Which Historical Lady Globetrotter Are You?
Began her first of eight world tours in 1889 as a missionary for the Woman’s Christian Temperance Union. Claimed to have slept in 2,700 beds. “We are always longing to be something we are not; reaching for things just beyond our grasp; trying to climb to heights we can never attain.”
In 1904, embarked on a three-year journey to find "vampires and shrunken heads" in South America. Also claimed to have visited every American Indian tribe in North America. “I’ve never found my sex a hinderment; never faced a difficulty which a woman, as well as a man, could not surmount; never felt a fear of danger; never lacked courage to protect myself. I’ve been in tight places and have seen harrowing things.”
Moved to Paris at age 19 to become a dancer and actress. During WWII, traveled to Morocco, Spain, and Egypt and used her dance company as a cover for gathering intelligence for the French Resistance. “The things we truly love stay with us always, locked in our hearts as long as life remains.”
In 1946, became the first American woman to visit Antarctica and was one of the first two women to overwinter. Visited Antarctica a total of 15 times.

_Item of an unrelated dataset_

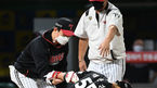 [OSEN=인천, 한용섭 기자]LG 채은성이 투구에 왼 무릎을 맞아 부상으로 교체됐다. 통증으로 걷지 못하고 업혀서 교체됐다.12일 인천 SSG랜더스필드에서 열린 LG-SSG 경기. 채은성은 4번 우익수로 선발 출장했다.채은성은 2회 선두타자

At age 16, answered a newspaper ad looking for stunt drivers. In 1926, drove across 43 African countries and at times resorted to using banana grease for oil. Became a seaplane pilot in 1930 and went to Paraguay to document the Bororo tribe. “Remember: posture, bravery, humilité, and the Family Motto: `To Per-se-vere.’”
Climbed the Matterhorn in 1895 while wearing pants, which could have gotten her arrested. In 1914, generated controversy for placing a Women’s Vote banner at the top of Peru's Coropuna. Climbed her last peak, New Hampshire’s Mount Madison, at age 82. “My home is where my truck is.”
In 1926, chartered a ship and sailed north, earning the nickname “Arctic Diana.” Attempted to rescue missing explorer Roald Amundsen and ran secret missions for the U.S. Army during WWII.
In 1931, embarked on a two-year solo journey through the Belgian Congo and spent eight years in China during WWII. Despite a crippling opium addiction and periodic bouts of starvation, she stayed in order to smuggle food to Allied prisoners of war and to write about life under Japanese occupation. “I have deliberately chosen the uncertain path whenever I had the chance.”